▸ **Exercise**: A faithful copy is needed of the lines below from the one with "在办事服务版块,用户可以获取到基础的生活服务" up to and including the one with "有網民發帖指慈正邨正旭樓於上"; set it down with no pictures and no other lines.

▸ **Records to process**:
^^^^
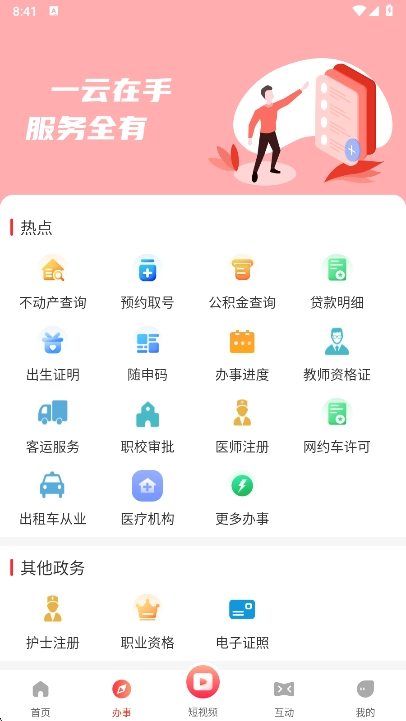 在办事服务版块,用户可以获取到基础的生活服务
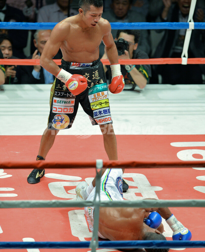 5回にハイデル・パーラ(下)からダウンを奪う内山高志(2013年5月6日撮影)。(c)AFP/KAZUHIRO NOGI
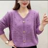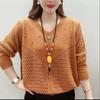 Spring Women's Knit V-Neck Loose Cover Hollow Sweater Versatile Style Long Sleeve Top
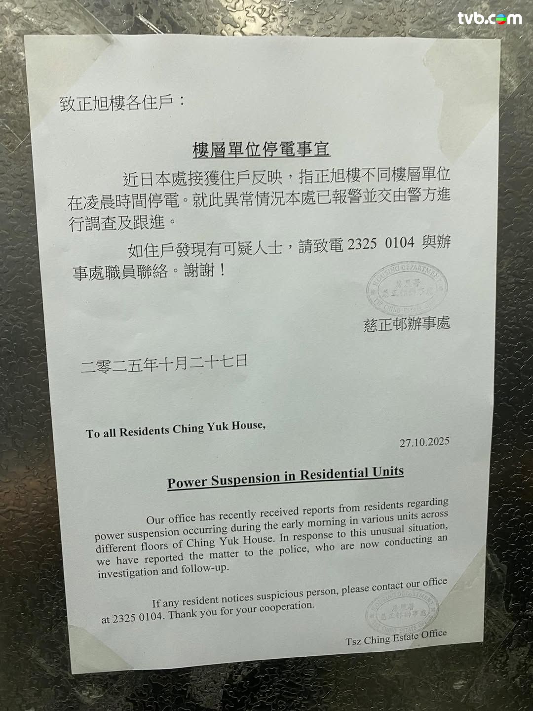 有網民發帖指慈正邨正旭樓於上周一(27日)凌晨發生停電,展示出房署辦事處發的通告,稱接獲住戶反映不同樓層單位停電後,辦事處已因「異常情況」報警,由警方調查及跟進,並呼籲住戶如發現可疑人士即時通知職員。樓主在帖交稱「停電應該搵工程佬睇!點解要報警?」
^^^^
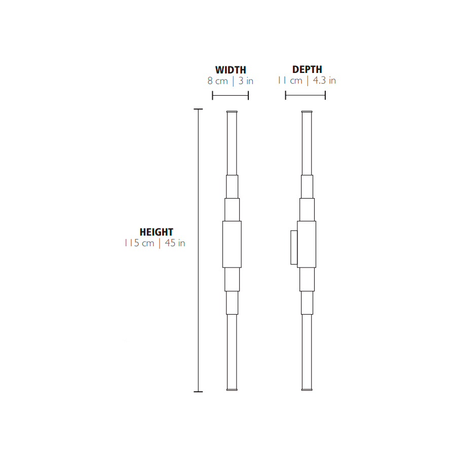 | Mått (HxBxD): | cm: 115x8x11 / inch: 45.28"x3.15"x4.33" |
^^^^
▸ **The completed task**:
 在办事服务版块,用户可以获取到基础的生活服务
 5回にハイデル・パーラ(下)からダウンを奪う内山高志(2013年5月6日撮影)。(c)AFP/KAZUHIRO NOGI
 Spring Women's Knit V-Neck Loose Cover Hollow Sweater Versatile Style Long Sleeve Top
 有網民發帖指慈正邨正旭樓於上周一(27日)凌晨發生停電,展示出房署辦事處發的通告,稱接獲住戶反映不同樓層單位停電後,辦事處已因「異常情況」報警,由警方調查及跟進,並呼籲住戶如發現可疑人士即時通知職員。樓主在帖交稱「停電應該搵工程佬睇!點解要報警?」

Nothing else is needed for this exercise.